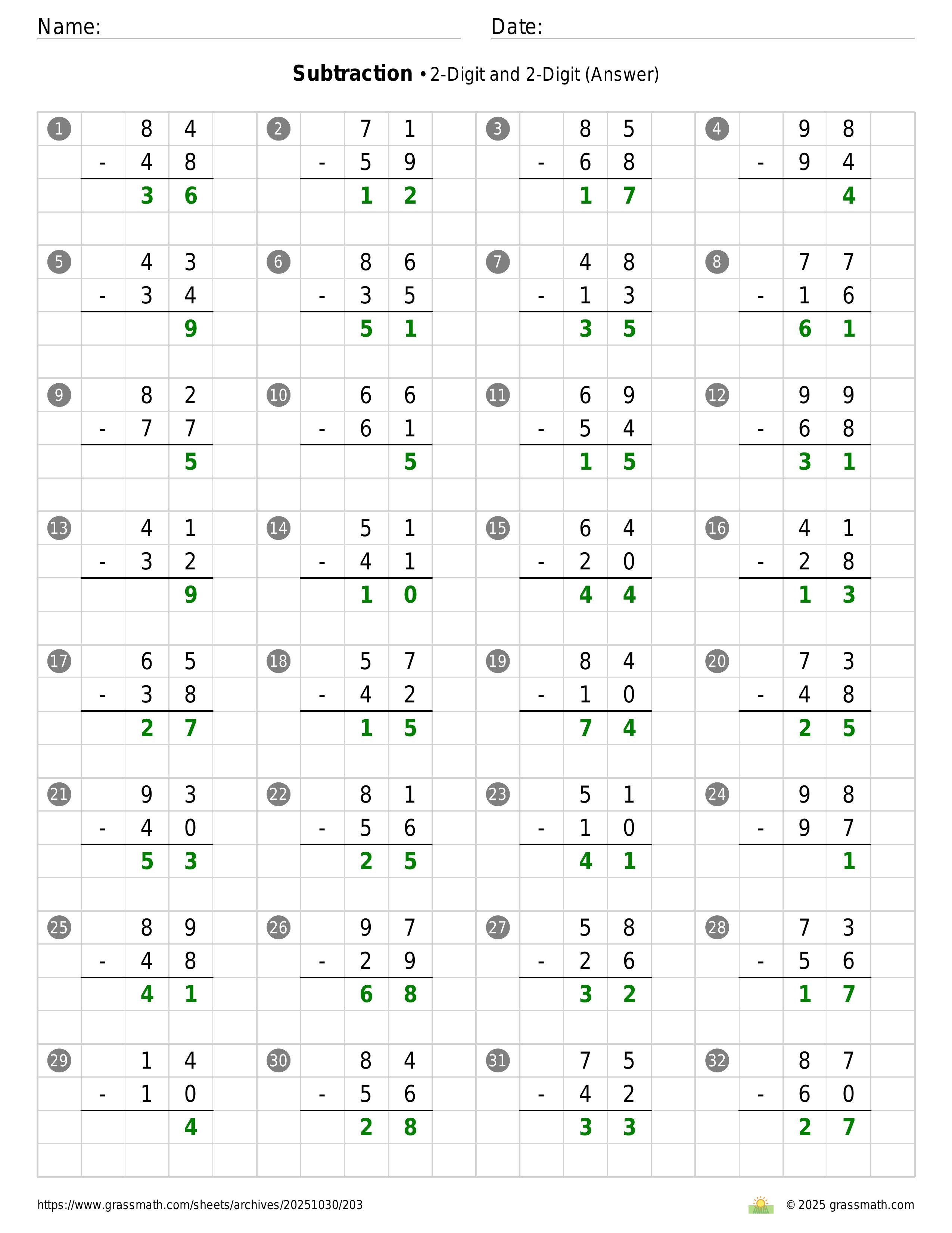 Subtraction 2-Digit and 2-Digit
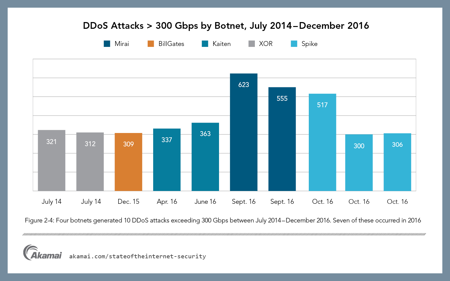 - Sieben der zwölf groß angelegten Angriffe mit mehr als 100 Gbit/s im vierten Quartal 2016 lassen sich dem Mirai-Botnet zuordnen.
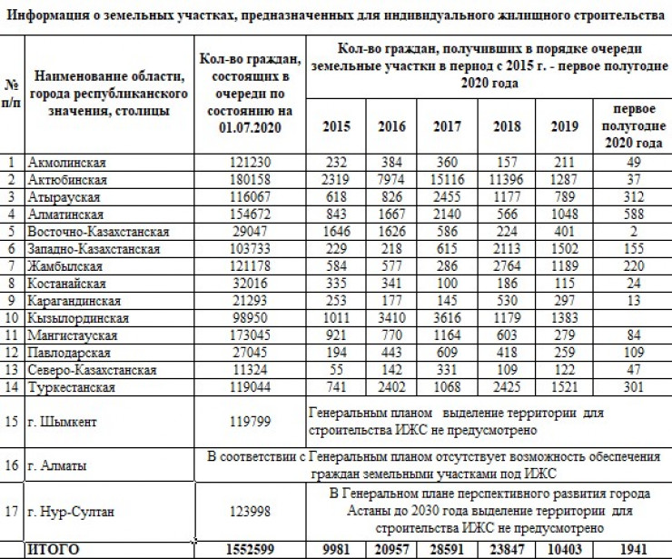 В Комитете по управлению земельными ресурсами объяснили причину промедления тем, что имеют определенные сложности при выдаче земель. К примеру, акиматы обязаны предоставить участки только с наличием рядом электричества и воды. В селах  можно выдать землю без водопровода.
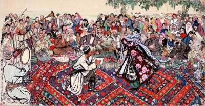 繞過紅色展墻,黃胄于1962年創(chuàng)作的《豐樂圖》赫然在目,拉開了展覽第一篇章的序幕?;▓F(tuán)錦簇的地毯上擺滿瓜果,人們圍坐在一起載歌載舞,歡慶豐收。畫面中的眾多人物雖姿態(tài)各異,但都喜笑顏開,感染著觀者。作品描繪出熱烈的慶祝場(chǎng)面,富有濃郁的地域特色,是新疆各族人民團(tuán)結(jié)和睦、意氣風(fēng)發(fā)的生動(dòng)寫照。
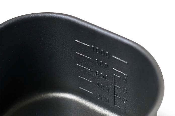 深なべの容量は実用 1L(満水 1.2L)で、目盛りは 200ml 刻みで1,000mlまで、炊飯用水加減の目盛りも刻んでいます。2合まで炊飯できます。

> **Exercise instructions**:
A faithful copy of all the lines above is needed, with the pictures omitted.

> **Written answer**:
 Subtraction 2-Digit and 2-Digit
 - Sieben der zwölf groß angelegten Angriffe mit mehr als 100 Gbit/s im vierten Quartal 2016 lassen sich dem Mirai-Botnet zuordnen.
 В Комитете по управлению земельными ресурсами объяснили причину промедления тем, что имеют определенные сложности при выдаче земель. К примеру, акиматы обязаны предоставить участки только с наличием рядом электричества и воды. В селах  можно выдать землю без водопровода.
 繞過紅色展墻,黃胄于1962年創(chuàng)作的《豐樂圖》赫然在目,拉開了展覽第一篇章的序幕?;▓F(tuán)錦簇的地毯上擺滿瓜果,人們圍坐在一起載歌載舞,歡慶豐收。畫面中的眾多人物雖姿態(tài)各異,但都喜笑顏開,感染著觀者。作品描繪出熱烈的慶祝場(chǎng)面,富有濃郁的地域特色,是新疆各族人民團(tuán)結(jié)和睦、意氣風(fēng)發(fā)的生動(dòng)寫照。
 深なべの容量は実用 1L(満水 1.2L)で、目盛りは 200ml 刻みで1,000mlまで、炊飯用水加減の目盛りも刻んでいます。2合まで炊飯できます。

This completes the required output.